We’re in Ugine for Stage 1. It’s a dazzling Alpine morning. The overnight thunderstorms have cleared and left the valley pastures refreshed. The cowbells are tinkling, the peaks are still snow-streaked, and the world’s best cyclists are getting dressed in the car park of a cement works. It’s not the quaint market square of my memory, but a bike race can make any location exciting.
Is the experience any different? Well, yes and no. The biggest physical change is the presence of the team buses. They act like huge brand statements. They’re not exactly penis substitutes, but they are team substitutes, in the sense that they are supposed to intimidate. Our bus is indestructible. Our bus is an expression of our technological advancement. And the buses have changed the behaviour of the riders. Now they stay on board for as long as possible before the race starts. This is entirely understandable, but not great for fans or journalists.
I wander from team to team, ogling the rows of bikes, watching the mechanics and the soigneurs work.
With an air of reluctance the riders emerge at the last possible minute, grab their bikes and freewheel down to the signing-on stage. The biggest teams appear last. All the riders are immaculately turned out, as you’d expect. The principal difference between now and 1984 are the accessories. Baseball caps, sunglasses, headphones and mobile phones are all in evidence. Part of the uniform for a modern pro. They help the riders to hide, from the public and from journalists like me. Professional cyclists affect a nonchalance that is quite unsettling until you get used to it.
Nevertheless, as they roll up to the start line, it’s not hard to detect differences in the way they’re feeling. The older riders are relaxed, smiling, shaking hands. The younger riders look tense. Are they nervous? Places on the team for the Tour are up for grabs. A poor performance this week could be career-damaging.
Now the child-like excitement has been replaced by something deeper. It’s not awe or admiration I’m feeling. It’s something more like a paternal instinct. I’m old enough to be a father to some of these riders. The youngest rider on the race is Tiesj Benoot, at 21. Nicolas Roche was born in early July 1984, which means that he was getting ready to make an appearance as his father joked with a ten year-old English boy before the start of a Dauphiné stage.
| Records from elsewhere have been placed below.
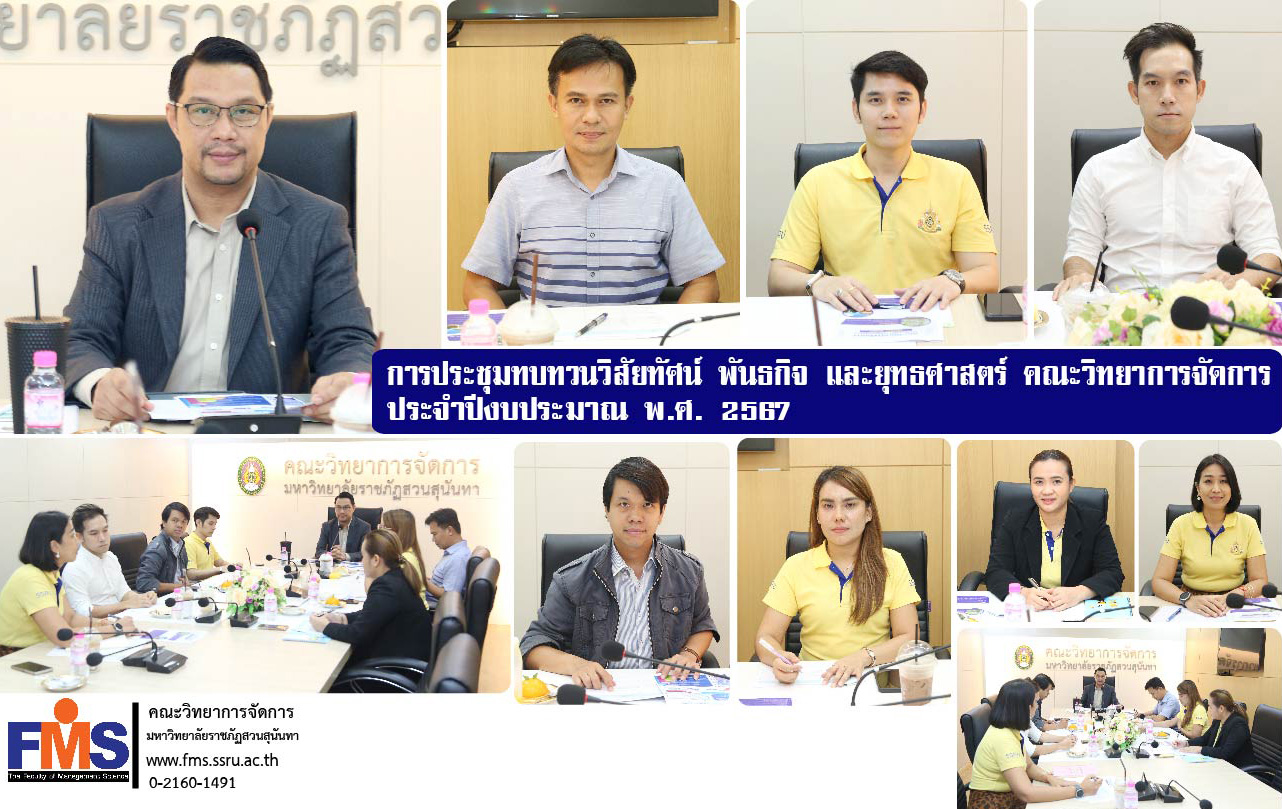 วันที่ 12 ตุลาคม 2565 เวลา 10.00 น. คณะวิทยาการจัดการ มหาวิทยาลัยราชภัฏสวนสุนันทา จัดประชุมทบทวนวิสัยทัศน์ พันธกิจ และยุทธศาสตร์ คณะวิทยาการจัดการ ประจำปีงบประมาณ พ.ศ. 2567 โดยมีผู้ช่วยศาสตราจารย์ ดร.สมศักดิ์ คล้ายสังข์ คณบดีคณะวิทยาการจัดการ เป็นประธานการประชุม เพื่อวางแผนการขับเคลื่อนคณะวิทยาการจัดการให้สอดคล้องกับวิสัยทัศน์ พันธกิจ ยุทธศาสตร์ใหม่ของมหาวิทยาลัย เพื่อให้การดำเนินงานเป็นไปอย่างมีประสิทธิภาพ มีรองคณบดีทุกฝ่าย หัวหน้าสำนักงานคณบดี หัวหน้าฝ่ายแผนงานและประกันคุณภาพ เข้าร่วมประชุม ณ ห้องประชุมรวมใจการจัดการ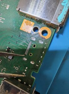 Pour un non-initié, cela pourrait ressembler à la fin de vie de la console. Mais pour notre atelier spécialisé en microsoudure à Estinnes, ce n’est qu’un défi à relever !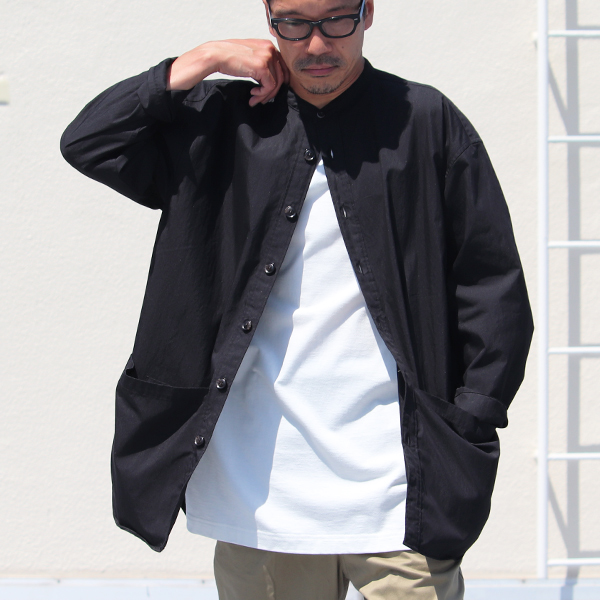 ベーシックなスタンドカラーと洗いざらした風合いが様々な着こなしに活躍する一枚となっております。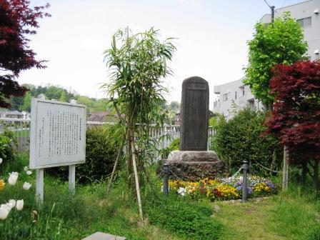| 交差点(5叉路)を越えて北に進み、突当りT字路を左折し、すぐ右折して坂道を上る。鶴ヶ峰浄水場の脇を進み、上りきったところに、駕籠塚がある。 鶴ヶ峰での決戦の知らせを聞いた重忠の妻はすぐに後を追ったが、ここまで来て主人の戦死を聞き、駕籠の中で自刃したという。その霊を供養したもの。 |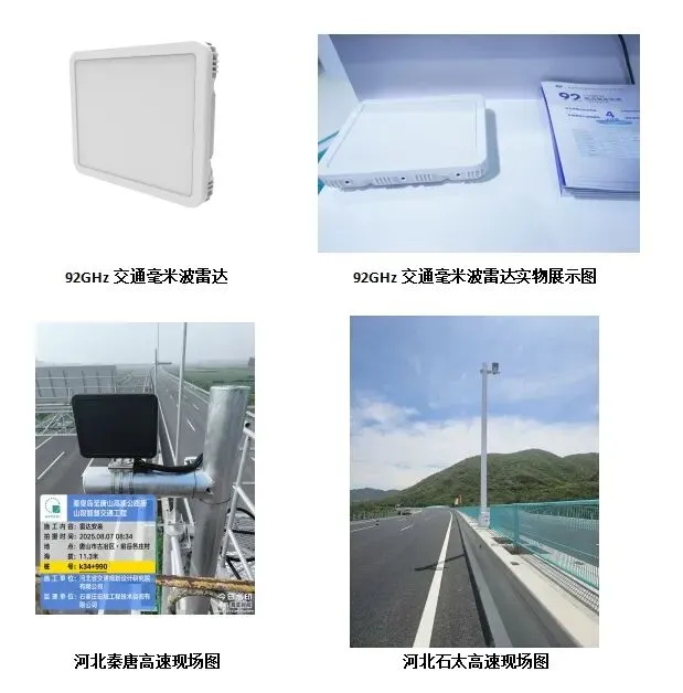 河北省交通规划设计研究院有限公司展出的92GHz交通毫米波雷达也成为该领域的代表性产品。本次参展执行单位京雄云控(北京)智能交通科技有限公司(以下简称 “京雄云控”)现场负责人介绍,该产品核心芯片已更新5代,2023年首发国产化方案,2024年率先实现规模化量产与落地应用,目前完成了河北石太、秦唐高速百公里全线布设。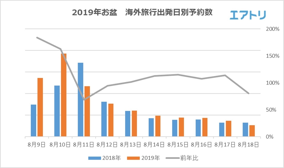 お盆時期の日本発海外航空券の予約件数は連休初日の8月10日(土)が最も多く、昨年対比でも163%となっています。続いて多いのが連休前日の8月9日(金)、8月11日(日)は前日8月10日(土)の6割程度となっており、その後は緩やかに減少しています。お盆前日と初日を避けるだけでも混雑はある程度回避できそうです。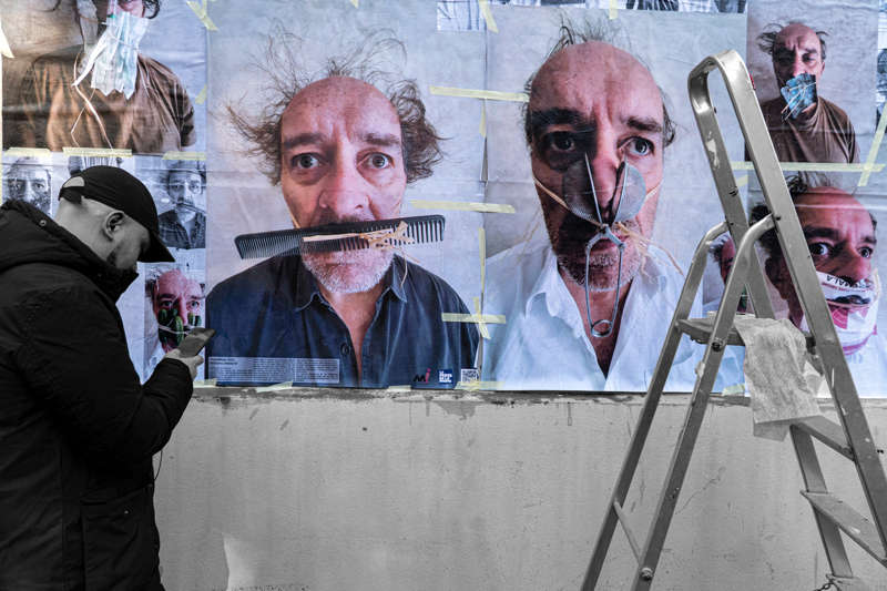 Ces actions en extérieur, dans l’espace public, ont reçu très souvent les réactions des passants, habitants du quartier, dans un large spectre de commentaires. Ces interactions portaient autant sur le fond, le sujet montré, que sur la forme, l’affichage public. Parfois aussi, l’indifférence à l’action laissait le travail se faire dans le silence ambiant des passages et des activités ordinaires de la ville. Les quelques fois où la sensation d’agression de l’œuvre m’était exprimée, par l’occupation d’un espace détournée de sa fonction réglementaire ou par la peur d’un affichage politique extrémiste et provocateur, les brèves discussions et explications, se sont toujours soldées par des approbations et des remerciements, des rires et de la symphaties, partagés. Les plus beaux étaient l’enthousiasme et les railleries des enfants devant les portraits de ce personnage adulte, effectivement ridicule, à la calvitie joyeuse, décomplexé de ses défauts. Mais aussi celui qui avait confondu cet homme avec l’autre star médiatique tellement écouté depuis des mois, le méchant dangereux.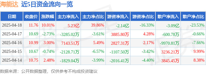 4月18日的资金流向数据方面,主力资金净流入5.23亿元,占总成交额39.86%,游资资金净流出2.14亿元,占总成交额16.33%,散户资金净流出3.09亿元,占总成交额23.53%。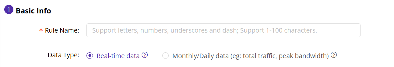 - Monthly/Daily data: Used to calculate and monitor aggregated data over a specific period (e.g., total traffic, peak bandwidth). This is primarily used for cost accounting, capacity planning, and other billing and operational analysis scenarios.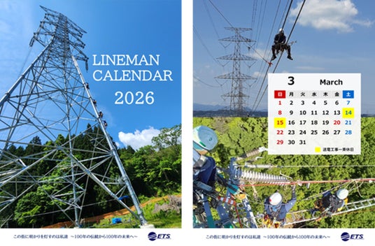 株式会社ETSグループ(東京都豊島区、代表取締役社長:上江州剛、証券コード:253A、以下「当社グループ」)は、毎年ご好評いただいているカレンダー企画を今年も継続し、2026年版ラインマンカレンダーを作成いたしました。本カレンダーは、全て当社社員が撮影した写真を採用しており、送電線工事を担う「ラインマン」や鉄塔など、電力インフラを支える現場の姿を収めた写真を掲載し、当社の事業を身近に感じていただける内容となっております。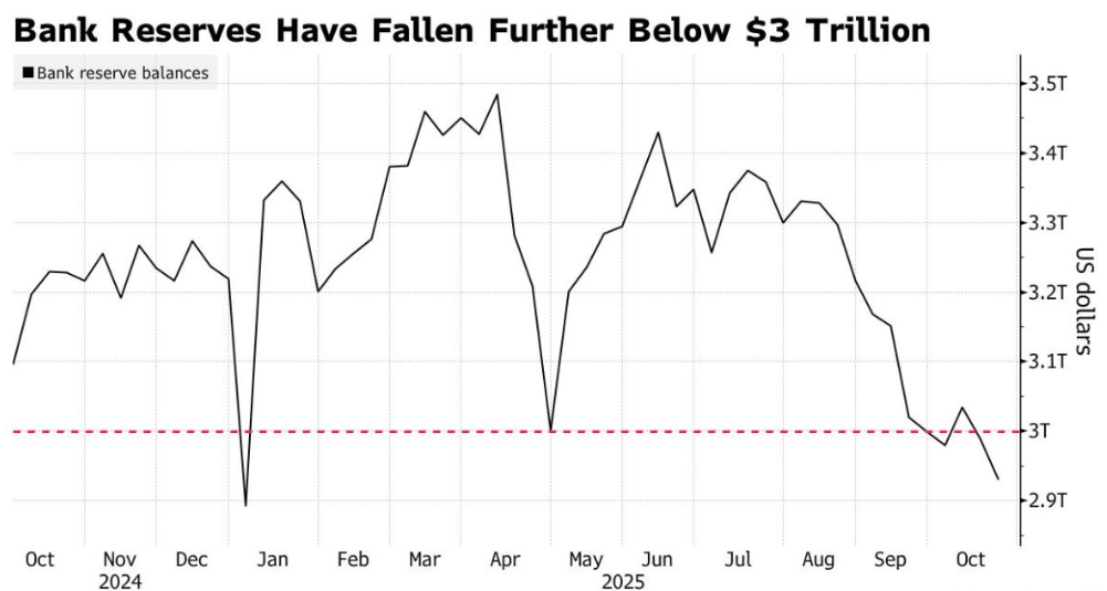 美国银行系统的准备金规模正持续下滑,最近已经连续两周低于3万亿美元的重要关口。截至10月22日的一周,商业银行存在美联储的准备金 又减少了约590亿美元,降到2.93万亿美元,是今年1月以来的最低水平。 美联储用来吸收流动性的逆回购工具,使用规模也在不断萎缩,目前已接近见底。这个工具一度像"蓄水池"一样帮助缓解资金过剩,如今它的 收缩进一步说明整体流动性在收紧。随着逆回购工具渐渐退出舞台,准备金水平成为更受关注的流动性指标。 目前,美联储的资产负债表规模约为6.6万亿美元,通过"量化紧缩"政策持续从市场回收资金。除了利率政策外,美联储如何控制"缩表"节奏也 牵动市场神经。摩根大通、美国银行、道明证券等机构的分析人士都预计,美联储可能很快会停止缩减资产负债表。 为什么准备金在减少? 一个重要原因是美国政府在债务上限提高之后,加大了债券发行力度,以此来补充国库现金。这一行为通过金融体系传导,正在实实在在地收 紧市场上的资金。 流动性收紧不仅表现在准备金下降,也反映在货币市场利率的波动上。尽管月中曾因部分机构集中支付资金,回购市场短暂迎来一些流动性, 但整体来看,货币市场利率仍在走高。有分析认为,回购利率居高不下可 ...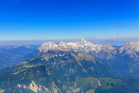The Dachstein summit mountain range and visible glacier ice during summertime at Gosau, Upper-Austria, Europe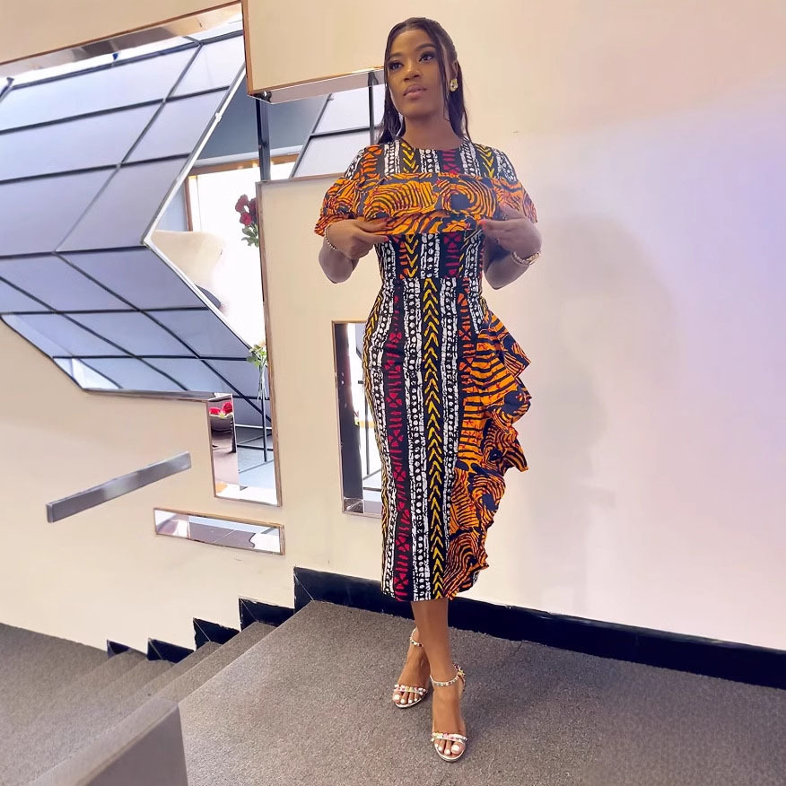 Women's Elegant Print Contrast Color Slim Fit Dress

I have two young children, and I think about whether I would want them to become elite athletes. I want to tell these young riders that there is more to life than cycling, that ambitions are simple when you’re young, and failure is complex when you’re old. These years could be the most vivid of their entire lives, and there’s a kind of sadness in that.
Ever since that day in France in 1984, I’ve loved watching bike races. I still feel that same excitement, whilst of course trying to look as nonchalant as possible. Journalists want to look cool too.
Cycling has changed in the intervening years. It’s become more professional, more scientific, more media-savvy. It has discovered its conscience about doping. But the thrill of seeing it up close is unchanged. There’s still the feeling of a summer fête. At the Dauphiné you can talk to your heroes, touch the bikes on the team cars, and send your children over to the team bus to get a free bidon. In July, none of the teams will be this relaxed.
Next June, I think I’ll book a family holiday in the Haute-Savoie. It’s a lovely part of the world. Perhaps we could do a little cycling; these days you can hire carbon fibre tandems with hydraulic disc brakes. My wife and children will love it. I might not tell them there’s a bike race on.